** LISTED RECORDS follows **

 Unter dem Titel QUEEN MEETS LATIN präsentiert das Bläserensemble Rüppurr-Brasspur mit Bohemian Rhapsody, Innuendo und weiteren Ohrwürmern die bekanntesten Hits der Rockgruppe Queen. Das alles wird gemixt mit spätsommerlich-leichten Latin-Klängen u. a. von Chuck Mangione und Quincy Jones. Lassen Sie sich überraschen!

** End of LISTED RECORDS **
** LISTED RECORDS follows **

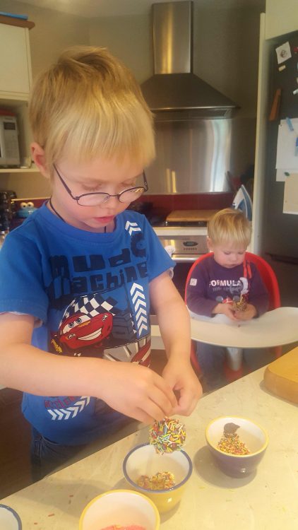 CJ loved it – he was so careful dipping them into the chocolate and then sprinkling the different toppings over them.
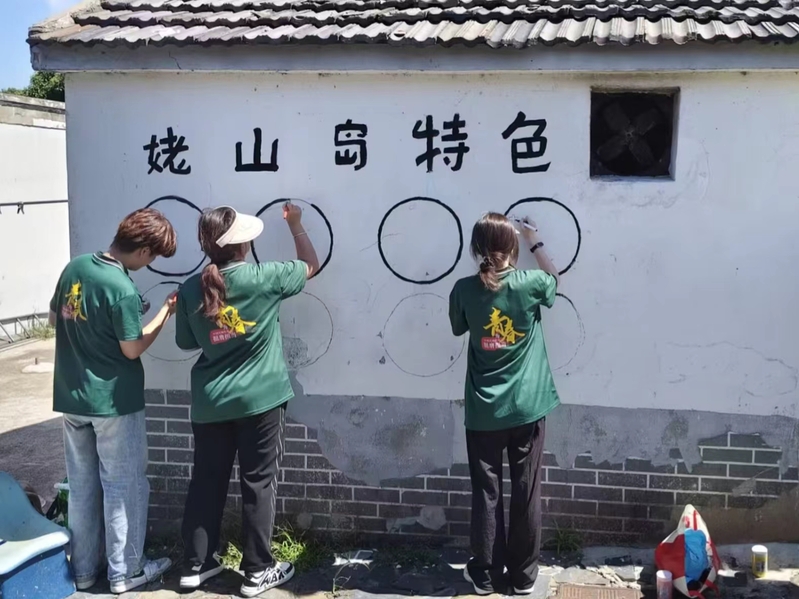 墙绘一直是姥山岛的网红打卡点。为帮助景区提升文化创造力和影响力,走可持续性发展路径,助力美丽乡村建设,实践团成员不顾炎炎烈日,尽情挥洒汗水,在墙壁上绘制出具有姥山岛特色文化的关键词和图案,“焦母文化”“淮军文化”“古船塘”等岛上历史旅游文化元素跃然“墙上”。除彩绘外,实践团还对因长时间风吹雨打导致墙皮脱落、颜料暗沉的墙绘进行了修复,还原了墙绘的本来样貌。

** End of LISTED RECORDS **
** LISTED RECORDS follows **

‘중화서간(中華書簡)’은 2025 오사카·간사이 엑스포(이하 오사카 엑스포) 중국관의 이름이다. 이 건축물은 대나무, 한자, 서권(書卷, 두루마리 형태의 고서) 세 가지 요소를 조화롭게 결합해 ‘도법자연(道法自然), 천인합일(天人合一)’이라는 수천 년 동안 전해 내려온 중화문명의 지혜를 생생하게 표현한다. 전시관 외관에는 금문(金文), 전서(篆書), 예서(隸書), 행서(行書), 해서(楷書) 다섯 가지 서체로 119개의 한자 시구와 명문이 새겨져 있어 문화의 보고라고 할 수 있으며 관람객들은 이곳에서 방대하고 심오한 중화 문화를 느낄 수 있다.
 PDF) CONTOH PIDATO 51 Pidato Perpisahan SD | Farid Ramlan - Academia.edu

** End of LISTED RECORDS **

- **THE PROBLEM**:
Print, without alteration, only the lines above between the one holding "문화를 느낄 수 있다." and the one holding "PDF) CONTOH PIDATO", inclusive.

- **EXERCISE RESULT**:
‘중화서간(中華書簡)’은 2025 오사카·간사이 엑스포(이하 오사카 엑스포) 중국관의 이름이다. 이 건축물은 대나무, 한자, 서권(書卷, 두루마리 형태의 고서) 세 가지 요소를 조화롭게 결합해 ‘도법자연(道法自然), 천인합일(天人合一)’이라는 수천 년 동안 전해 내려온 중화문명의 지혜를 생생하게 표현한다. 전시관 외관에는 금문(金文), 전서(篆書), 예서(隸書), 행서(行書), 해서(楷書) 다섯 가지 서체로 119개의 한자 시구와 명문이 새겨져 있어 문화의 보고라고 할 수 있으며 관람객들은 이곳에서 방대하고 심오한 중화 문화를 느낄 수 있다.
 PDF) CONTOH PIDATO 51 Pidato Perpisahan SD | Farid Ramlan - Academia.edu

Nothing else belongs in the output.